Is the Ideology Gap Growing?#

This tweet from John Burn-Murdoch links to an article in the Financial Times, “A new global gender divide is emerging”, which includes this figure:

The article claims:

In the US, Gallup data shows that after decades where the sexes were each spread roughly equally across liberal and conservative world views, women aged 18 to 30 are now 30 percentage points more liberal than their male contemporaries. That gap took just six years to open up.

The figure says it is based on General Social Survey data and the text says it’s based on Gallup data, so I’m not sure which it is.

And I don’t know what it means that “All figures are adjusted for time trend in the overall population”.

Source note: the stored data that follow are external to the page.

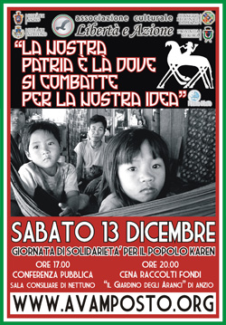 Ha organizzato una giornata di solidarietà per il popolo Karen, l?associazione culturale ?Libertà e Azione?, con il patrocinio del comune di Anzio, del comune di Nettuno, della Provincia di Roma e della Regione Lazio. La giornata si svolgerà prima all?interno della Sala Consiliare del comune di Nettuno, dove, alle 17, si terrà una conferenza sulle problematiche relative a questo popolo birmano, che dal 1949 lotta contro il governo centrale di Rangoon per ottenere l?indipendenza e preservare la sua identità. Come molte altre etnie, anche i Karen, sono vittime di questa guerra civile. A parlare di questa situazione, quindi, Davide Ciotola, responsabile alle Attività Socio-Culturali di ?Libertà e Azione?, Rodolfo Turano, consigliere comunale e medico volontario della ?Comunità Popoli?, Franco Nerozzi, presidente della ?Comunità Popoli Onlus?, Fabio Franceschini, presidente de ?L'uomo Libero Onlus? ed, infine, Marco Cochi, giornalista esperto di geopolitica e sicurezza internazionale. Alle 20 il ristorante ?Il Giardino Degli Aranci ? di via Ardeatina ad Anzio, ospiterà la cena di raccolta fondi per la ?Comunità Popoli?, con una quota solciale di 30 euro. Per ottenere maggiori informazioni è possibile visitare il sito www.avamposto.org, mandare una mail a libertaeazione@avamposto.org o contatatre il numero 338/6146460.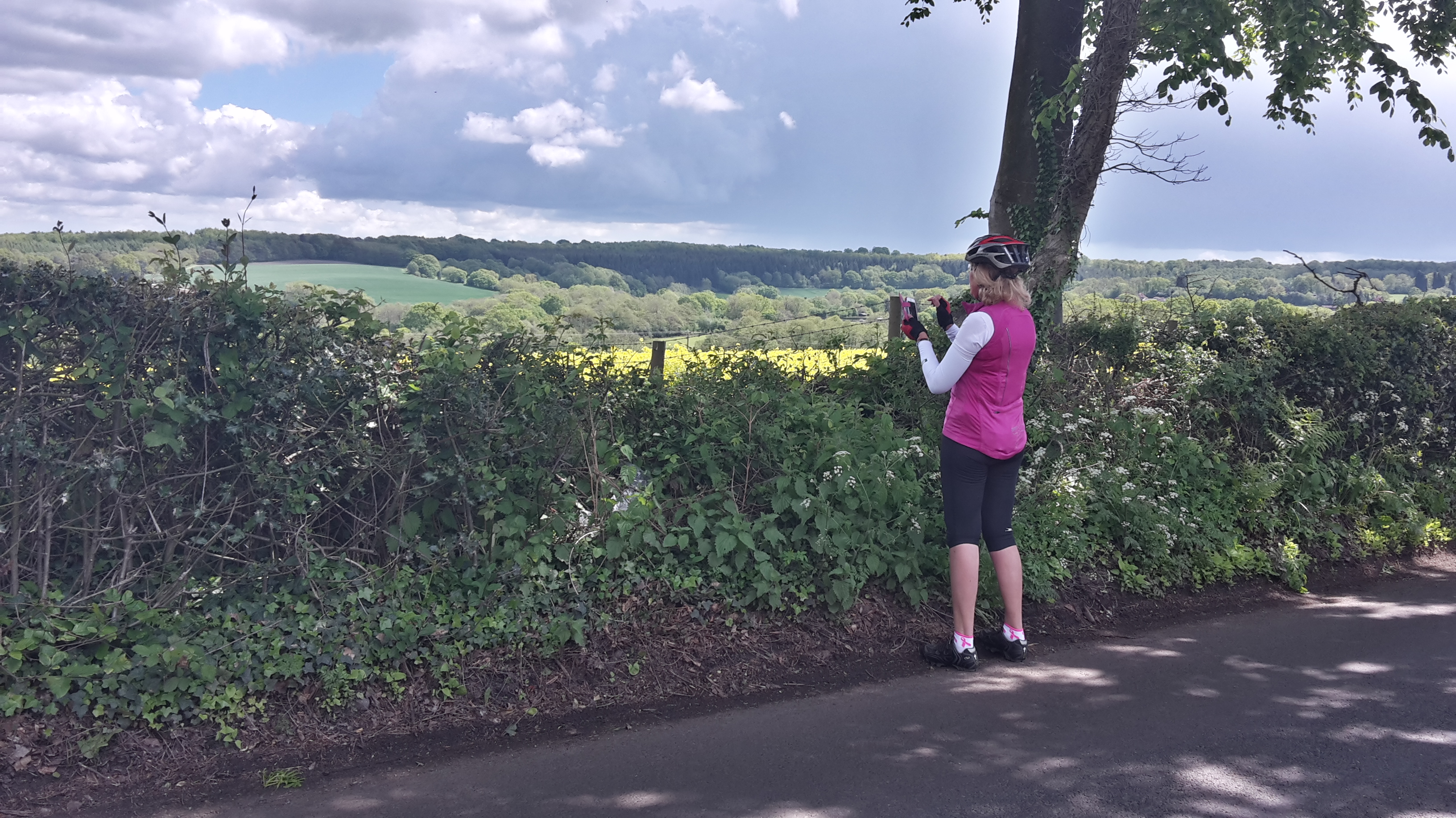 The ride home took us over Goathurst Common and Ide Hill where we stopped to take in the view across to Bough Beech. Bob does not appear in the photo – I presume because of the jacket potato scandal but the rest of us had a pretty decent ride. Indeed some people enjoyed the views so much that they stopped to take unauthorised photos…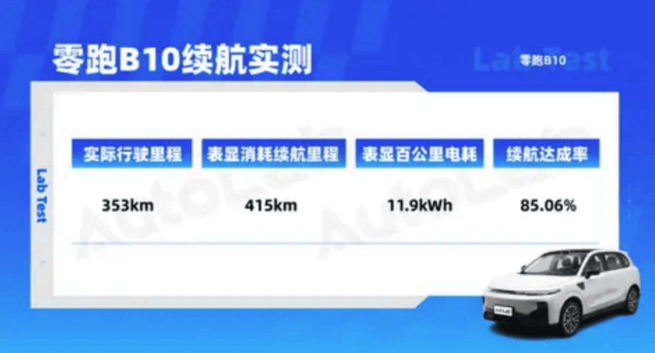 在網上查了查,「Autolab」、「汽車天涯」測試過零跑B10的電耗。這兩家自媒體的創始人我比較熟,人靠譜,也都有從業多年的經驗。Autolab測試零跑B10高架/高速85.06%達成率,汽車天涯測的夏季市區達成率90.3%、高速/省道/山路達成率81.3%。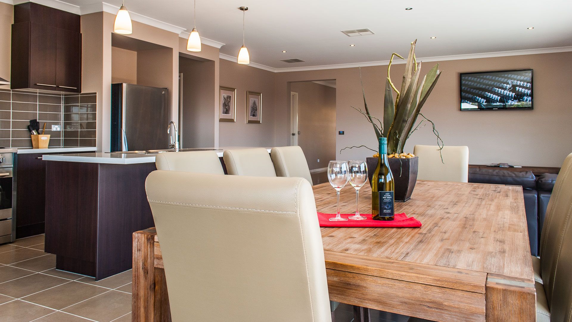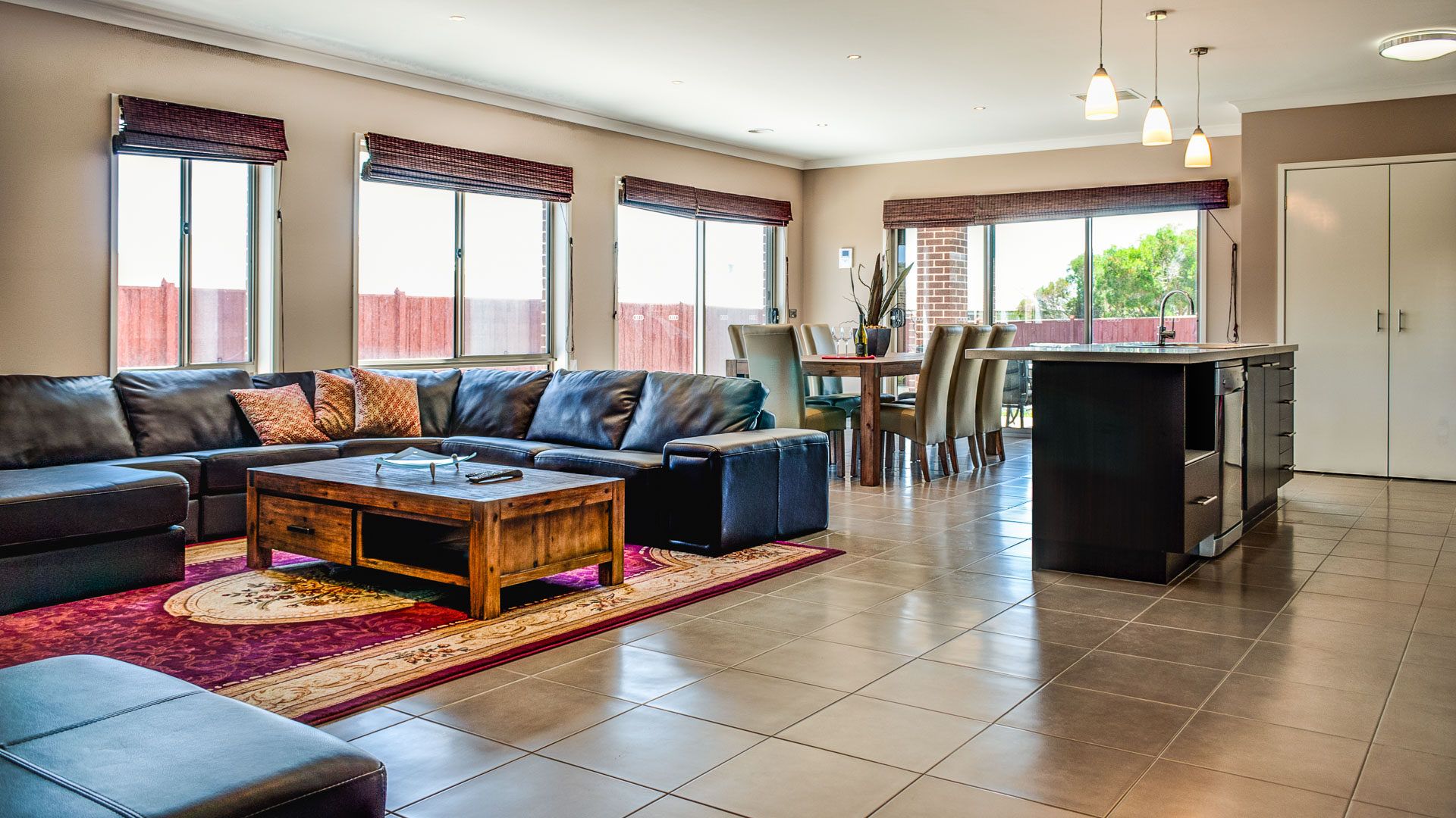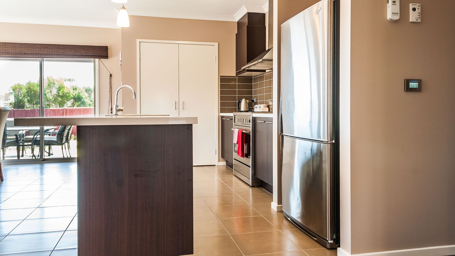This single-storey home has a large open-plan Kitchen/Dining/Living room (with TV, CD, DVD player and Stereo sound system), leading onto the shady outdoor deck area.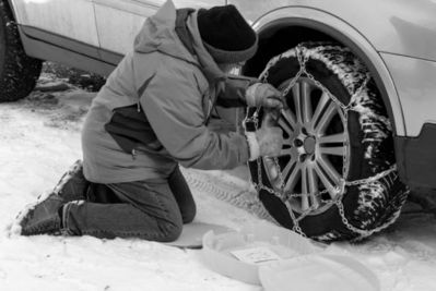– à défaut, vous devez devez disposer dans le véhicule d’un système anti-dérapant amovible, soit 2 chaines à neige, soit 2 chaussettes à neige : ces équipements permettent une circulation à très faible allure dans des situations pour lesquelles un pneu classique n’est plus adapté.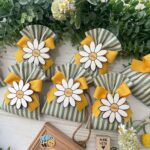 Il cotone tinto filo verde, morbido e resistente, è impreziosito da una delicata calamita personalizzata a forma di margherita con nome, che aggiunge un tocco unico e originale alla bomboniera.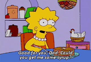 Good for you, Dad. Could you get me some syrup? Mmm. Hmm. You see? Before I probably would've driven to the syrup.

Anyway, since I used GSS data in the last three chapters of Probably Overthinking It, this analysis did not sound right to me.

This notebook is my attempt to replicate the analysis with GSS data. I conclude:

  • The GSS data does not look like the figure in the FT.

  • Men are a more likely to say that they are conservative, by 5-10 percentage points.

  • The only evidence that the gap is growing depends entirely on a data point from 2022 that is almost certainly wrong.

  • If we drop the 2022 data and apply moderate smoothing, we see no evidence that the gap is growing.

Most of the functions in this notebook are the ones I used to write Probably Overthinking It. All of the notebooks for that book are available in this repository.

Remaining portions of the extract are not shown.